I’m not ready for what I see; there’s a picture of my sister, in the top-left corner of the screen beneath the website’s logo. It jolts me again. It’s like she’s there, sitting at her computer. It’s as if all I have to do is type a message and press send – just like I can with Anna, and Adrienne, and Dee and Fatima – and then I’ll be able to talk to her again, tell her I’m sorry, that Connor is safe. That I miss her.

But I can’t. She’s gone. I focus on why I’ve logged on here, I make myself look at the photo she used. It looks like it was taken on a holiday. It’s a close-up. She’s lying on a beach towel, on her front, reading a book. Her sunglasses are pushed back on her head, her skin is tanned. She’s wearing a bikini and has hoisted herself up on her elbows. Her breasts push up against the fabric of the towel, yet it looks unposed, natural.

She’s smiling. Happy. I stare at the picture. I wonder when it was taken, and by whom. She looks so relaxed. I can’t believe the little girl I’d once held, once bathed, once read to, is gone. I can’t believe I’ll never speak to her again.

I begin to cry.

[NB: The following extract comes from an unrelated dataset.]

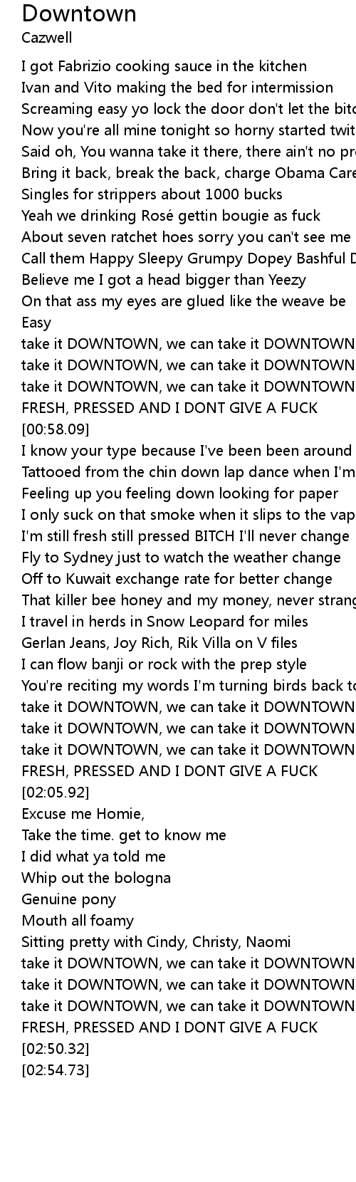 | [00:49.06] | take it DOWNTOWN, we can take it DOWNTOWN |

I’m sliding, backwards, towards pain. I can’t do this, I think. Not alone.

I call Anna back.

‘There should be a tab at the top for recent activity. You could look there. It lists the last few people who have looked at her profile.’

She’s already asked me if I’m all right, what I’m up to. She’s already questioned whether this is a good idea and I told her the half-lie that Adrienne had suggested it. ‘I just want to see if there’s anything the police might’ve missed.’

‘Right. Got it.’

‘Then you should see the rooms. On the right?’

I minimize the chat window and Anna’s face disappears. Behind it is the dating site, the list of chatrooms. Looking for Love? Something Extra. A Bit on the Side. Couples and Groups. I wonder which one Kate would have gravitated towards.

‘Okay.’

‘Kate and I used to go to Casual Chat,’ says Anna. ‘But there should be a tab, at the top. Friends and Favourites.’